TensorFlow integration guide#

Tip

See also: Keras integration guide

Open in Colab

Custom dashboard displaying metadata logged with TensorFlow

In this guide, we'll use Neptune to log metadata while training models with TensorFlow. We'll cover the following:

  • Tracking and versioning some data.
  • Logging losses and other metrics generated from training.
  • Logging predictions over multiple epochs.
  • Saving the generated model to Neptune.

See example in Neptune  Example scripts 

Before you start#

To follow this example, have the following installed:

pip install -U neptune tensorflow numpy requests

Logging example#

In this example, we'll work with the MNIST dataset.
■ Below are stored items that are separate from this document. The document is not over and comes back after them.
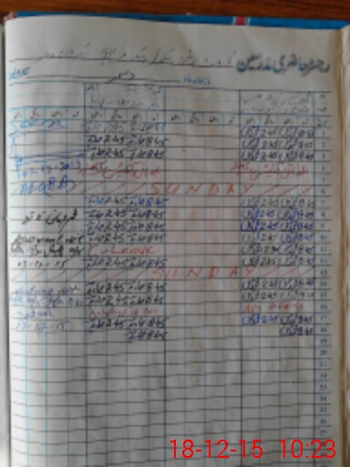 | CNIC | Full Name | Designation | R/C | Absence During Last Calender Month |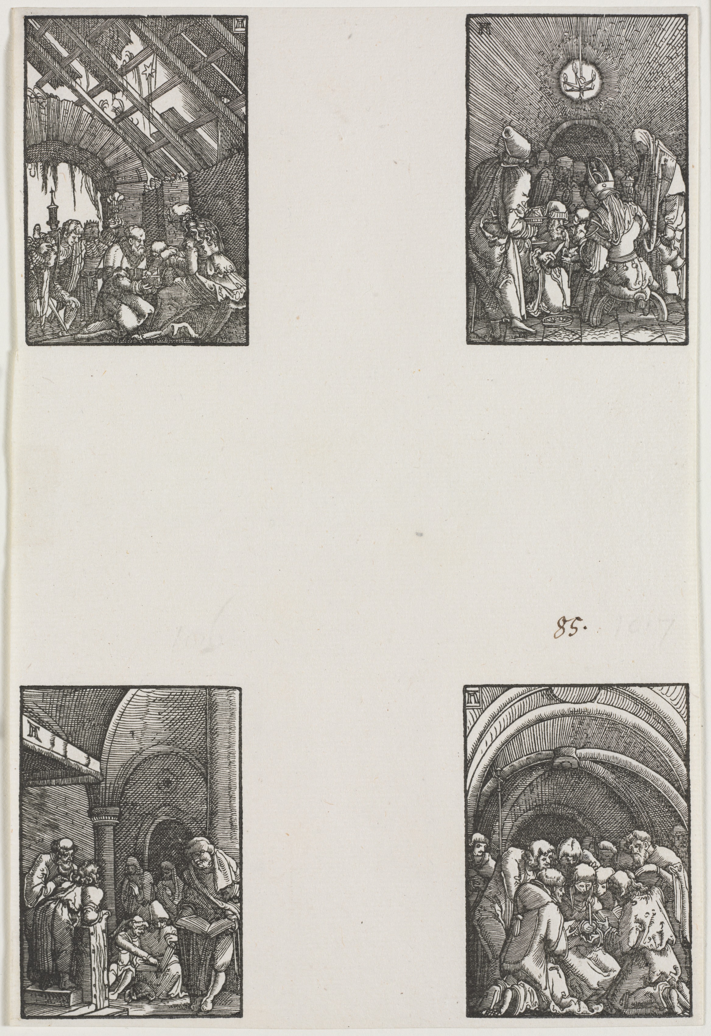 The image shows four square illustrations. The top left illustration depicts a group of people gathered around a figure lying on the ground. The top right illustration shows a group of people gathered under a radiant symbol. The bottom left illustration features a group of people standing and sitting in an arched building. The bottom right illustration depicts a group of people gathered under a large archway. The illustrations are in black and white and appear to be etchings. The illustrations are arranged in two rows of two on a white background. The number 85 is handwritten in the center of the image. The illustrations are attributed to Albrecht Altdorfer and titled "The Fall and Redemption of Man".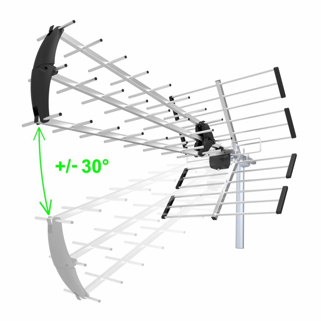 nastavení polohy +/- 30° zvyšuje zisk antény ve srovnání s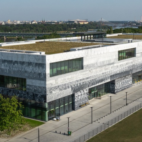 «La fachada del Museo de Historia de Polonia está revestida con losas de mármol de diferentes vetas. Están dispuestos en franjas horizontales, enfatizando la estructura estratigráfica en capas. Es una estructura inherente a la materia geológica, pero también a nuestra arqueología: a los procesos naturales, sociales y culturales que se suceden uno tras otro. Por eso optamos por el mármol, que es una piedra con una veta muy característica. Cada una de las losas de mármol es diferente, única, como toda historia se compone de acontecimientos únicos e individuales»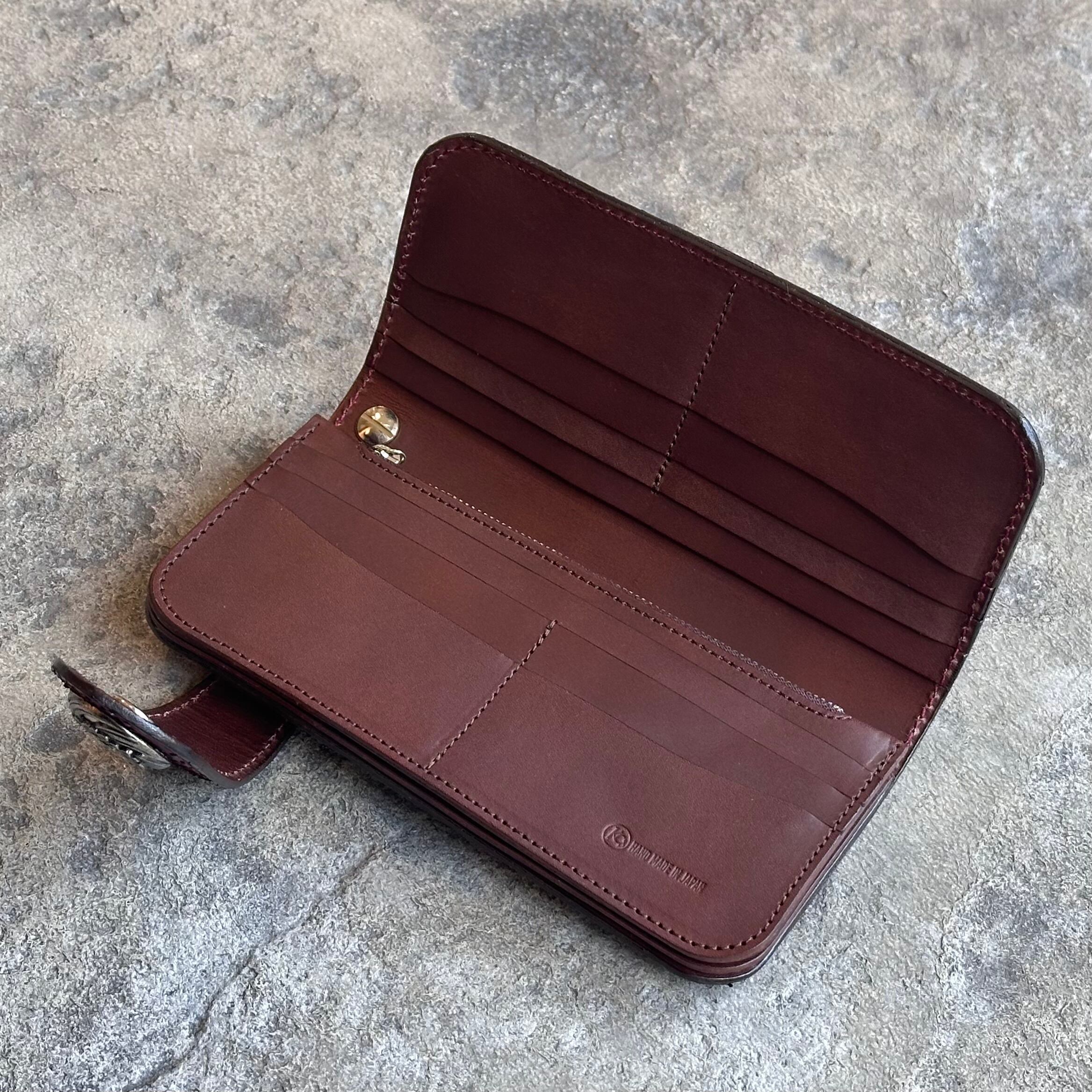 定番のライダースウォレットフォルムに、花模様を施したフローラルコンチョを組み合わせています。

We'll prepare the data, set up a training loop, and log the metadata with Neptune.

Create a script#

  1. Import the needed libraries:

    import io
    
    import requests
    import tensorflow as tf
    import numpy as np
    
    import neptune
    
  2. Start a Neptune run:

    run = neptune.init_run()
    
    If Neptune can't find your project name or API token

    As a best practice, you should save your Neptune API token and project name as environment variables:

    export NEPTUNE_API_TOKEN="h0dHBzOi8aHR0cHM6Lkc78ghs74kl0jv...Yh3Kb8"
    
    export NEPTUNE_PROJECT="ml-team/classification"
    

    Alternatively, you can pass the information when using a function that takes api_token and project as arguments:

    run = neptune.init_run(
        api_token="h0dHBzOi8aHR0cHM6Lkc78ghs74kl0jv...Yh3Kb8", # (1)!
        project="ml-team/classification", # (2)!
    )
    
    1. In the bottom-left corner, expand the user menu and select Get my API token.
    2. You can copy the path from the project details ( Details & privacy).

    If you haven't registered, you can log anonymously to a public project:

    api_token=neptune.ANONYMOUS_API_TOKEN
    project="common/quickstarts"
    

    Make sure not to publish sensitive data through your code!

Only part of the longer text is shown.